What are the implications of the Taliban take-over of Afghanistan for the world, the region and India? Some of the statements of the Taliban spokesmen in recent days are reassuring. History is replete with examples of revolutionaries turning into responsible rulers under the burden of office. I hope the Taliban will not disappoint us and will rule with responsibility.

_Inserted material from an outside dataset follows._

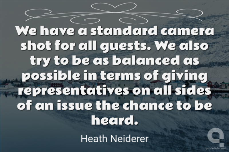 We have a standard camera shot for all guests. We also try to be as balanced as possible in terms of giving representatives on all sides of an issue the chance to be heard. Heath Neiderer

The US stands thoroughly discredited. It has proved to be an unreliable ally. It will find it difficult now to act as the policeman of the world. There should be no place for unilateral American military action henceforth anywhere in the world. No more the 'coalition of the willing'. The UN must discharge this responsibility, especially its Security Council, of which India is a non-permanent member today. India must guide the UN in the matter of maintaining peace in the world, through negotiations if possible, through the use of force, if necessary. India has already reached out to the Taliban. These contacts should now be more open and direct. I hated the Taliban because they destroyed the historic Bamiyan Buddhas. But living in the past is not always helpful. Pakistan is considered to be a special friend of the Taliban. China is happy that the Taliban has taken over Afghanistan, while at the same time oppressing and killing the Muslim Uighurs in its own territory. Russia has also reached out to the Taliban. Commentators in India are worried that India is now surrounded by one more unfriendly neighbour. Our diplomacy will determine how we turn a difficult situation to our advantage. India is a big and powerful country. We should be scared of none.


Chaos unfolded at Kabul airport when thousands came there hoping to catch a flight out

Russia has been an all-weather friend of India for decades. This relationship has frayed at the edges because of our unseemly hurry to get under the US umbrella. India is too big a country to be under anyone's umbrella. I see no reason, not even the military maneuvers of China against India at the LAC, as a valid reason to take shelter under the US umbrella or even the Quad for that matter. Our motto should be that we want enmity with none but we are capable of defending our territory on our own against anyone. Ashoka's 'ahimsa' was always backed by military might. Tulsidas taught us that there could be no love without fear.

India has done a lot for the development and welfare of the people of Afghanistan. I can also take credit for India constructing the parliament building in Kabul among the many other things we have done for Afghanistan. So India has no reason to be defensive. The Taliban knows what we have done and from all accounts appreciates it. It must know that we can do much more. Three billion dollars is not the limit of our capabilities, we can do much more. India is also very popular with the people of Afghanistan. Our soft power can be seen all over. The Governor of Kandahar had told me in 2002 that he was in possession of a large number of cassettes of Indian music.

To sum up:

1. A Taliban regime in Kabul is a reality.

2. Pakistan, China and Russia have welcomed the change and are preparing to recognise the new regime.

3. The post-takeover statements from the Taliban have been reassuring.

4. India is already in contact with the Taliban.

5. It is time to make these contacts open and direct.

6. India should not leave the field for Pakistan and China to do as they like.

7. India should talk to the Taliban with confidence and from a position of strength.

8. India is proud of what it has done so far for the people of Afghanistan.

9. It should assure the new regime that it can do more.

10. India is very popular with the people of Afghanistan. This asset should be fully utilised.

Yashwant Sinha, former BJP leader, was Minister of Finance (1998-2002) and Minister of External Affairs (2002-2004). He is currently vice-president, Trinamool Congress.